Controversy sparked on Microsoft's stance on gay-rights bill

Even as the bill banning discrimination against gays and lesbians failed by a single vote in the state Senate yesterday, a sideshow was springing up around Microsoft's withdrawal of support for the measure.

Word spread quickly around the Capitol about a story in the local alternative newsweekly The Stranger, which said the software giant was withdrawing its support for House Bill 1515 because of pressure from Ken Hutcherson, pastor of Redmond's 3,500-member Antioch Bible Church.

Microsoft spokeswoman Tami Begasse denied the report, saying "people are misunderstanding and misrepresenting the meeting with Hutcherson."

Once supported bill

Even before the Legislature convened this year, the company decided to be neutral on the bill, even though it had supported it in the past. The company made the change this year because it was narrowing its lobbying focus to issues such as education, transportation, computer privacy and business competitiveness, Begasse said.
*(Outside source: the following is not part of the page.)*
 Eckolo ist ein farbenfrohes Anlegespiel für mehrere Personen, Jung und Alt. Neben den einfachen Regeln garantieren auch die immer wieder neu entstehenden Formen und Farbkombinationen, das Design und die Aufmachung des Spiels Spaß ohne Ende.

Hutcherson, though, said yesterday he met with Microsoft officials earlier this year, telling them he would organize a national boycott of the company's products if it did not withdraw its support of the bill.

Hutcherson also said he told the company's officials that two Microsoft employees who had testified in support of the bill should be fired because they misrepresented themselves as representatives of the company. Begasse said the two employees were testifying as individuals, not company representatives.
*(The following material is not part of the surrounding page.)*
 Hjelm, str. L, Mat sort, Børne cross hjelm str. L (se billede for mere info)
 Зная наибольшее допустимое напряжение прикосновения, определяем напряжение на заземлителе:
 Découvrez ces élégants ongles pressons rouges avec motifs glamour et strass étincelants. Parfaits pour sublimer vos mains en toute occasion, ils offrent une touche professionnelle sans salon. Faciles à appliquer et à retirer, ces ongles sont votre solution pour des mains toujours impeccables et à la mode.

The pastor said he didn't care what the company's policies were regarding gay employees as long as they kept it within their business. "What I was upset about was when they tried to step outside their four walls and make their policy my policy. That gave me the right to step out of my world into theirs."

Rep. Ed Murray, D-Seattle, the bill's sponsor, said a Microsoft lobbyist had told him toward the start of the legislative session that the company would support the bill this year as it had for the previous two years. Murray also said the lobbyist, who could not be reached for comment yesterday, said the company would send a letter of support.

Murray said he never received the letter, and that in the next few weeks he received phone calls from Microsoft employees, referring to pressure from Hutcherson on the company. He said Microsoft told him about a month later that it had changed its position to neutral on the bill.

Begasse, the Microsoft spokeswoman, said the company had indeed sent a letter in support of the bill last year, and that for the past decade, it has supported and continues to support Human Rights Campaign, a national lobbying group advocating for similar legislation at the national level.

She said the meeting company officials had with Hutcherson in February "was long after our decision" to narrow the company's legislative focus, and that the decision to be neutral "was not influenced by anything external." Begasse said Hutcherson wanted Microsoft to come out against the bill, but the company refused.

Regardless of when and why Microsoft shifted positions on the bill, people in the Capitol were talking about it yesterday.

Senate Majority Leader Lisa Brown, D-Spokane, called it shocking. And while she didn't know if it affected the vote, she believed it didn't help. "It was the wrong signal at the wrong time," she said.

Sen. Luke Esser, R-Bellevue, said he was going to vote against the bill anyway, but having the largest employer in his district come out neutral on the issue "strengthened the case for the no vote I was already going to cast."

In any case, Hutcherson said it wasn't the end of his efforts. Even though the bill failed yesterday, he plans to visit two other companies that endorsed it to express his displeasure. Hutcherson would not name the businesses. Companies that endorsed the bill include Boeing, Nike, Washington Mutual, Vulcan and Hewlett-Packard.

Another mini-sideshow surrounding the bill involved rumors that the Roman Catholic Archdiocese of Seattle, which has opposed such bills for years, was neutral this year.

Governor's meeting

Gov. Christine Gregoire said she had met with Archbishop Alex Brunett and believed she had allayed his concerns that such legislation would open the doors to gay marriage, as he believed it had in the state Supreme Court in Massachusetts.

"They're neutral. That's what the archbishop told me," Gregoire said. "He told me if I could say to him that that Massachusetts case was not based on what he'd been told, then their position was they were neutral."

Sen. Marilyn Rasmussen, D-Eatonville, who is Catholic, said she agreed to support the bill after Gregoire informed her the local archbishop would remain neutral.

But the archbishop said yesterday, through spokesman Greg Magnoni, that he never said he was neutral and, in fact, that he opposes the bill.

All three of the state's bishops oppose the bill, said Sister Sharon Park, executive director of the Washington State Catholic Conference, the lobbying arm for the state's three dioceses. They oppose discriminating on the basis of sexual orientation, but fear that the bill would have created a protected class of citizens that would make it easier for the court to allow gay marriage.

She said she thinks the confusion may have arisen because the Catholic Conference was trying to see if it could get anti-discrimination measures into other pieces of legislation without creating a protected class.